Sample size estimation for alternating logistic regressions analysis of multilevel randomized community trials of under‐age drinking

Summary.  Under‐age drinking is an enormous public health issue in the USA. Evidence that community level structures may impact on under‐age drinking has led to a proliferation of efforts to change the environment surrounding the use of alcohol. Although the focus of these efforts is to reduce drinking by individual youths, environmental interventions are typically implemented at the community level with entire communities randomized to the same intervention condition.
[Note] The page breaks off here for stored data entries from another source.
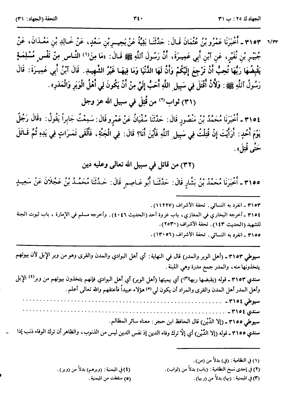 3153 - أَخْبَرَنَا عَمْرُو بْنُ عُثْمَانَ قَالَ حَدَّثَنَا بَقِيَّةُ عَنْ بَحِيرِ بْنِ سَعْدٍ عَنْ خَالِدِ بْنِ مَعْدَانَ عَنْ جُبَيْرِ بْنِ نُفَيْرٍ عَنْ ابْنِ أَبِي عَمِيرَةَ أَنَّ رَسُولَ اللَّهِ صَلَّى اللَّهُ عَلَيْهِ وَسَلَّمَ قَالَ مَا مِنْ النَّاسِ مِنْ نَفْسٍ مُسْلِمَةٍ يَقْبِضُهَا رَبُّهَا تُحِبُّ أَنْ تَرْجِعَ إِلَيْكُمْ وَأَنَّ لَهَا الدُّنْيَا وَمَا فِيهَا غَيْرُ الشَّهِيدِ قَالَ ابْنُ أَبِي عَمِيرَةَ قَالَ رَسُولُ اللَّهِ صَلَّى اللَّهُ عَلَيْهِ وَسَلَّمَ وَلَأَنْ أُقْتَلَ فِي سَبِيلِ اللَّهِ أَحَبُّ إِلَيَّ مِنْ أَنْ يَكُونَ لِي أَهْلُ الْوَبَرِ وَالْمَدَرِ
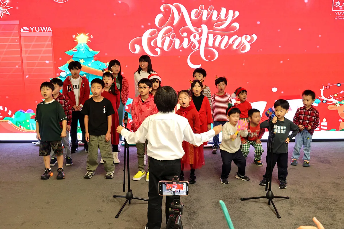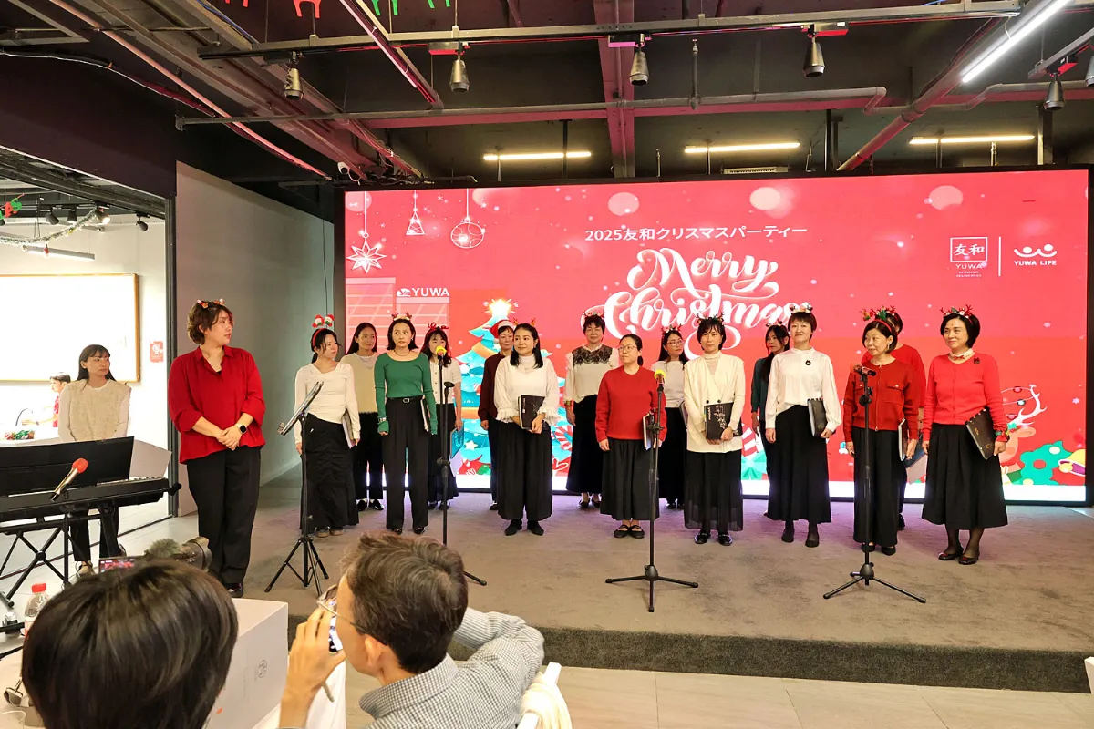 トップバッターを飾ったのは、広州市内で活動を続ける合唱団・美女(Meinv)の皆さん。「小さな世界」「ハナミズキ」「サンタが街にやって来る」を美しいハーモニーで披露し、会場は一気に温かな空気に包まれました。透き通る歌声が、参加者の心に深い感動を届けました。
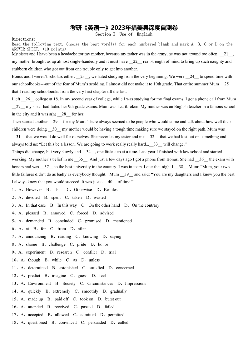 考研《英语一》2023年措美县深度自测卷SectionIUseofEnglishDirections:Readthefollowingtext.Choosethebestword(s)foreachnumberedblankandmarkA,B,CorDontheANSWERSHEET.(10points)MysisterandIhavebeenaheadacheformymother,becausemyfatherwasinthearmy,hewasnotaroundtoooften.__21__,my

A distinct feature of these trials is the tendency of the behaviours of individuals residing in the same community to be more alike than that of others residing in different communities, which is herein called ‘clustering’. Statistical analyses and sample size calculations must account for this clustering to avoid type I errors and to ensure an appropriately powered trial. Clustering itself may also be of scientific interest. We consider the alternating logistic regressions procedure within the population‐averaged modelling framework to estimate the effect of a law enforcement intervention on the prevalence of under‐age drinking behaviours while modelling the clustering at multiple levels, e.g. within communities and within neighbourhoods nested within communities, by using pairwise odds ratios. We then derive sample size formulae for estimating intervention effects when planning a post‐test‐only or repeated cross‐sectional community‐randomized trial using the alternating logistic regressions procedure.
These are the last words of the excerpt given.